Wednesday, May 25, 2016 10:00 AM - 12:00 PM

Learning Topical Social Media Sensors for Twitter
Social media sources such as Twitter represent a massively distributed social sensor over a kaleidoscope of topics ranging from social and political events to entertainment and sports news. However, due to the overwhelming volume of content, it can be difficult to identify novel and significant content within a broad theme in a timely fashion. To this end, this work proposes a scalable and practical method to automatically construct social sensors for generic topics. Specifically, given minimal supervised training content from a user, we learn to identify topical tweets from millions of features capturing content, user and social interactions on Twitter.
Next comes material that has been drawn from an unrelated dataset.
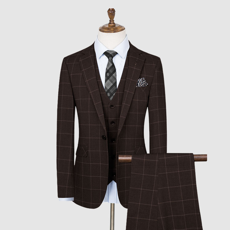 Men Brown 3 Piece Suit for a wedding or party wear is paired with slim-fit pants to create the perfect balance of shapes and proportions. The finishes of the details complete an extremely versatile Tuxedo that exudes classic, timeless elegance.
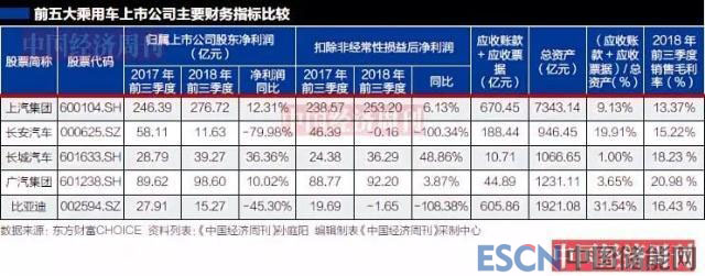 從毛利率指標看,五大乘用車上市公司中,長安汽車高于去年,上汽集團、長城汽車和前兩年基本接近,廣汽集團高于2016年。唯獨比亞迪,今年前三季度銷售毛利率16.43%,同比下滑3.43個百分點,在2015年—2017年保持連續(xù)三年高銷售毛利率后,重回2014年的低位。

On a corpus of over 800 million English Tweets collected from the Twitter streaming API during 2013 and 2014 and learning for 10 diverse themes ranging from social issues to celebrity deaths to the “Iran nuclear deal”, we empirically show that our learned social sensor automatically generalizes to unseen future content with high ranking and precision scores. Furthermore, we provide an extensive analysis of features and feature types across different topics that reveals, for example, that (1) largely independent of topic, simple terms are the most informative feature followed by location features and that (2) the number of unique hashtags and tweets by a user correlates more with their informativeness than their follower or friend count. In summary, this work provides an effective, and efficient way to learn topical social sensors requiring minimal user curation effort and offering strong generalization performance for identifying future topical content.

Major Advisor: Scott Sanner
Committee: Arash Termehchy
Committee: Xiaoli Fern
GCR: John Bolte